*Assignment:*
Keep the text of the data exactly as it is and omit each picture from the copy.

(Dataset records)
□ □ □ □ □

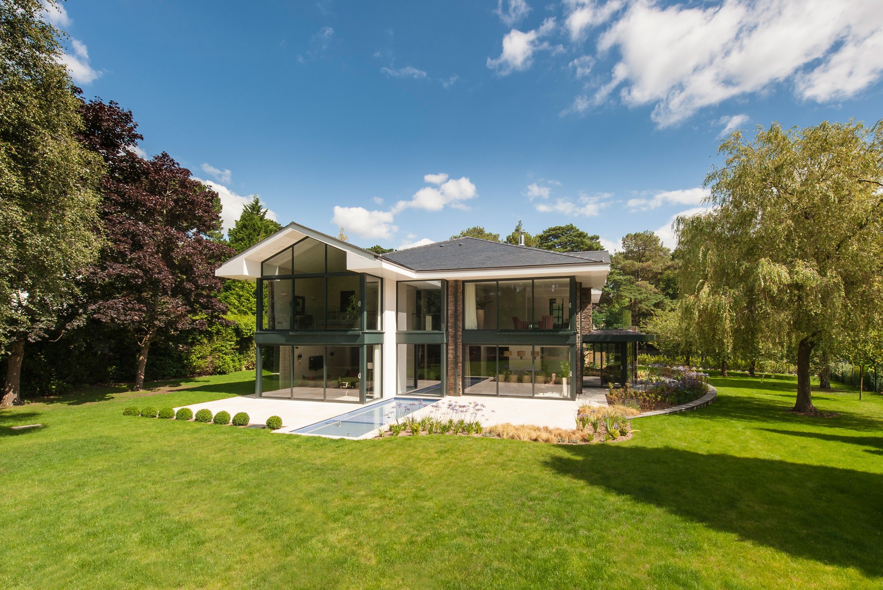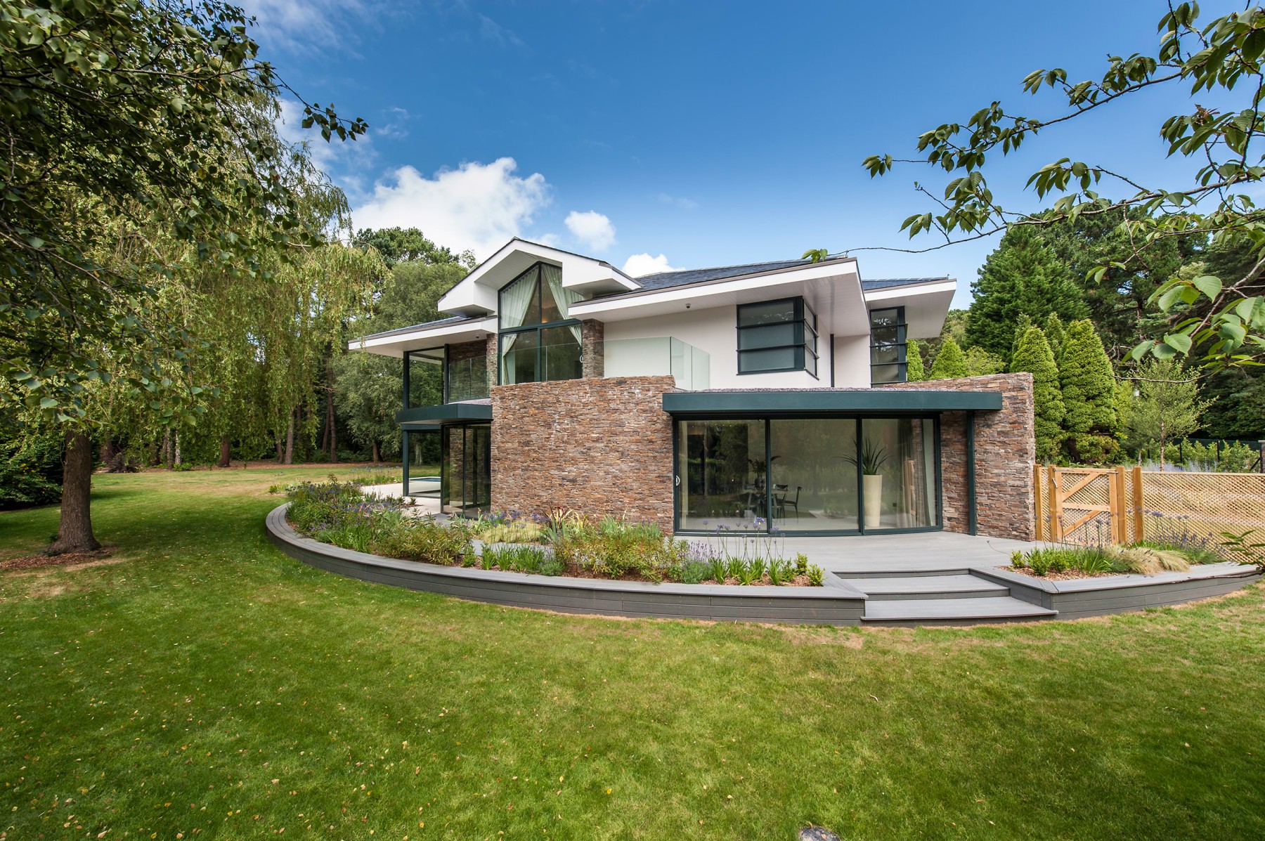 Stunning DJA designed house in Branksome Park, Poole. We undertook the design & planning, building regulations, interior design, tender and project management, creating a stunning, unique house that appears to float over the landscape.
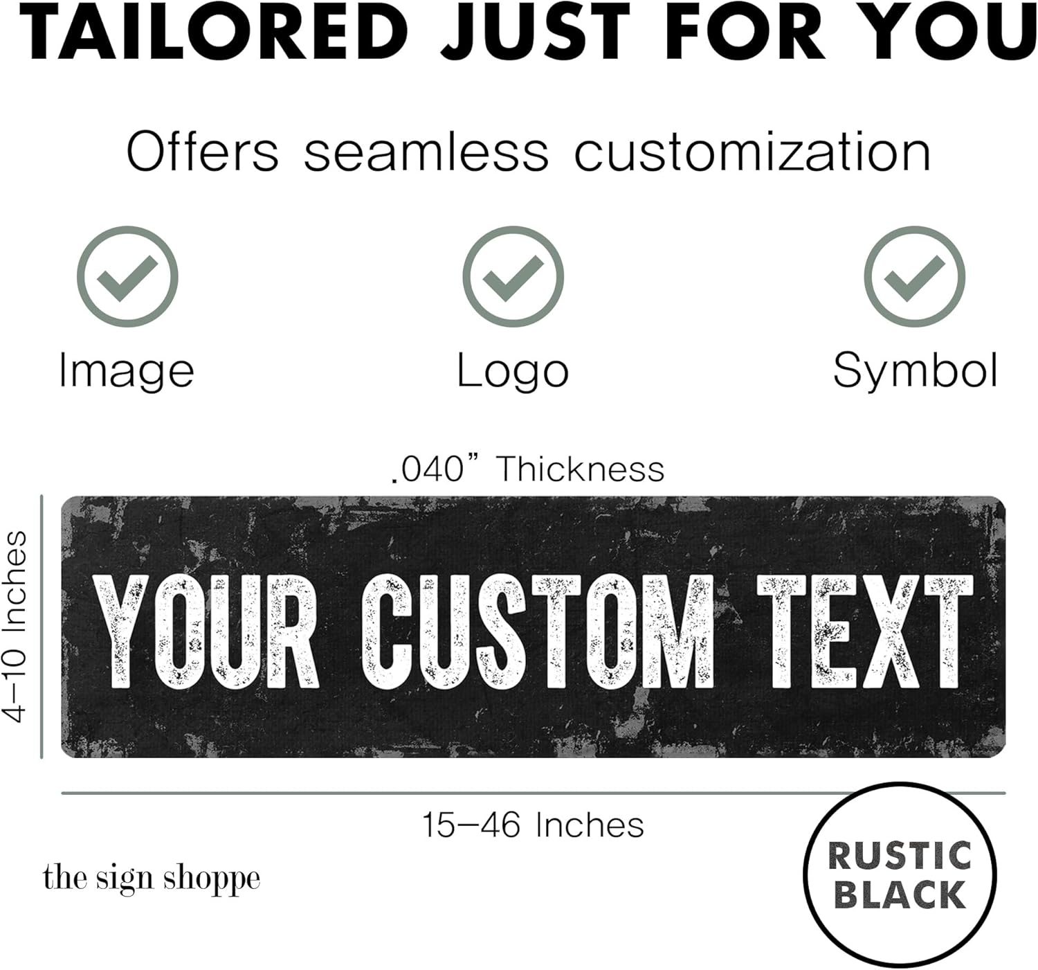 Rustic Custom Metal Sign - Custom Sign for Indoor or Outdoor Use (Rustic Black, 15x15 inches)
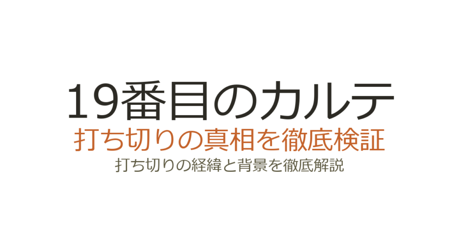 TBS日曜劇場「19番目のカルテ」は、打ち切りではありません。日曜劇場としては異例の全8話で終了したことや、出演者・清水尋也の逮捕が重なり打ち切り説が広まりました。この記事では、打ち切りと言われた理由と打ち切りではない根拠を、視聴率データや編成事情をもとに解説します。
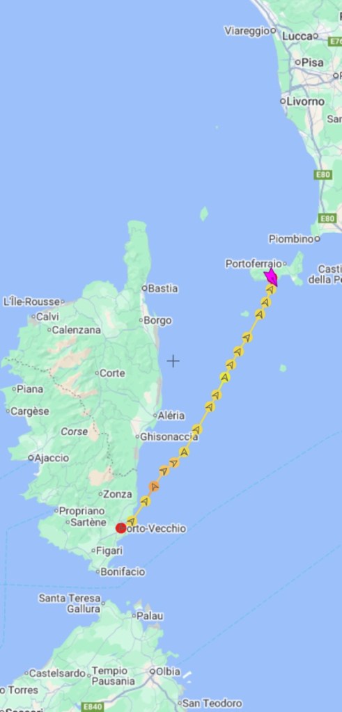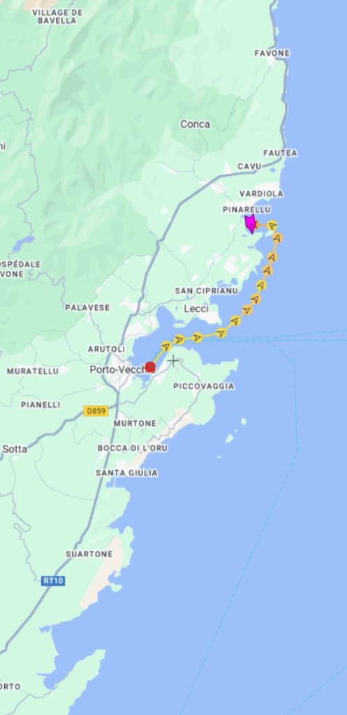 We left the bay and continued north to again try to outrun the storm. The top blue dot is Porto Vecchio and we headed towards the green dot. We arrived at Golfo de Pinarellu where the forecast was more favourable with better shelter and less wind. It was very busy in the anchorage, everyone had the same idea, but we managed to find a nice sandy area to drop the anchor in clear water.
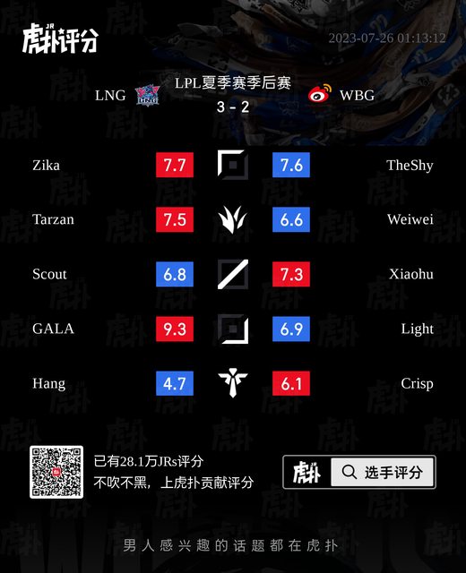 標題[閒聊] WBG vs LNG 虎撲賽後評分表
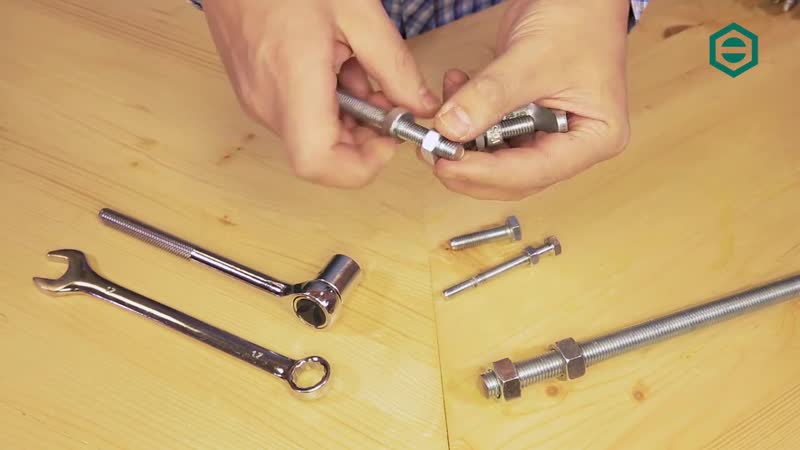 Теми же инструментами можно и затянуть метиз при необходимости. - Поверх горизонтально расположенного метиза надевают с усилием гайку с большим диаметром, а затем откручивают это сооружение инструментом, подходящим под размер верхнего крепежного элемента.
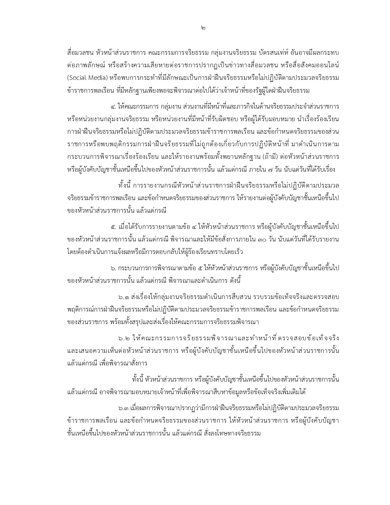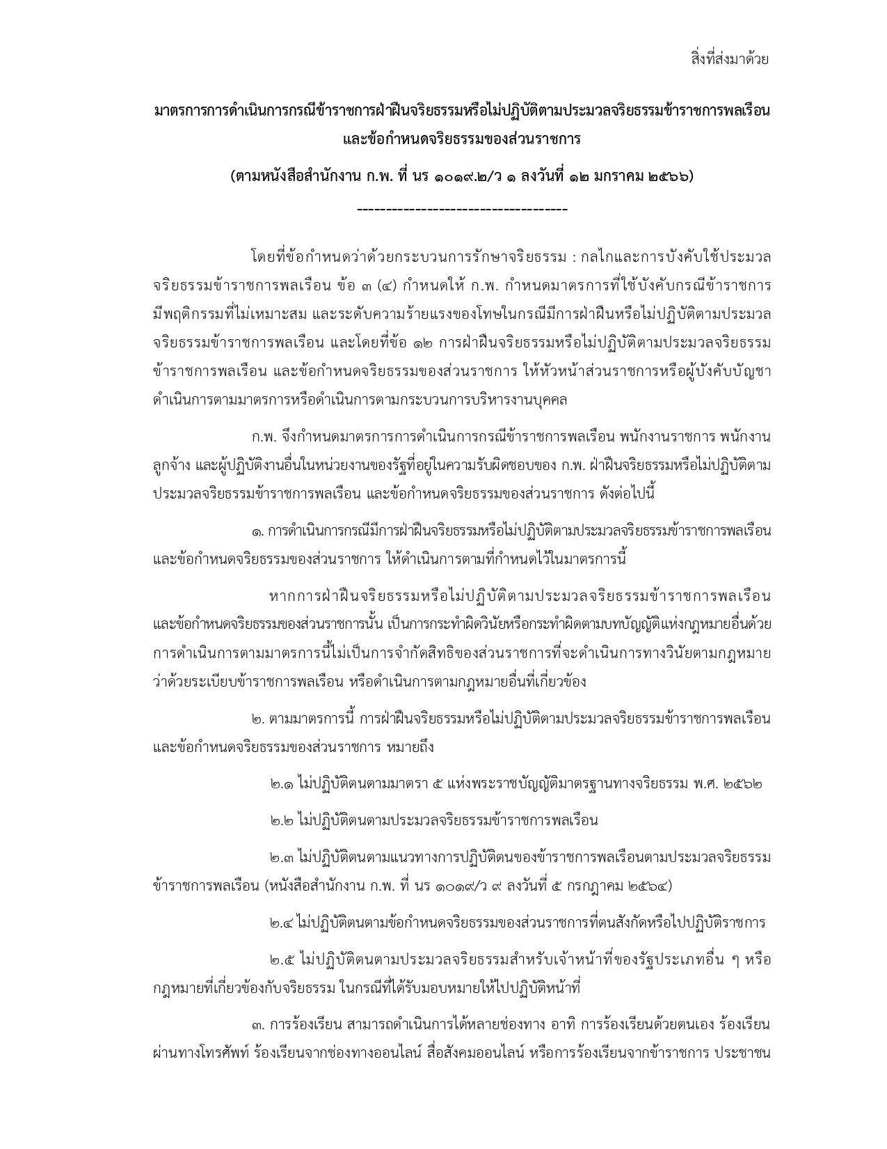 การดำเนินการกรณีข้าราชการฝ้าฝืนจริยธรรมหรือไม่ปฏิบัติตามประมวลจริยธรรมข้าราชการพลเรือน และข้อกำหนดจริยธรรมของส่วนราซการ

□ □ □ □ □

*Result of this exercise:*
 Stunning DJA designed house in Branksome Park, Poole. We undertook the design & planning, building regulations, interior design, tender and project management, creating a stunning, unique house that appears to float over the landscape.
 Rustic Custom Metal Sign - Custom Sign for Indoor or Outdoor Use (Rustic Black, 15x15 inches)
 TBS日曜劇場「19番目のカルテ」は、打ち切りではありません。日曜劇場としては異例の全8話で終了したことや、出演者・清水尋也の逮捕が重なり打ち切り説が広まりました。この記事では、打ち切りと言われた理由と打ち切りではない根拠を、視聴率データや編成事情をもとに解説します。
 We left the bay and continued north to again try to outrun the storm. The top blue dot is Porto Vecchio and we headed towards the green dot. We arrived at Golfo de Pinarellu where the forecast was more favourable with better shelter and less wind. It was very busy in the anchorage, everyone had the same idea, but we managed to find a nice sandy area to drop the anchor in clear water.
 標題[閒聊] WBG vs LNG 虎撲賽後評分表
 Теми же инструментами можно и затянуть метиз при необходимости. - Поверх горизонтально расположенного метиза надевают с усилием гайку с большим диаметром, а затем откручивают это сооружение инструментом, подходящим под размер верхнего крепежного элемента.
 การดำเนินการกรณีข้าราชการฝ้าฝืนจริยธรรมหรือไม่ปฏิบัติตามประมวลจริยธรรมข้าราชการพลเรือน และข้อกำหนดจริยธรรมของส่วนราซการ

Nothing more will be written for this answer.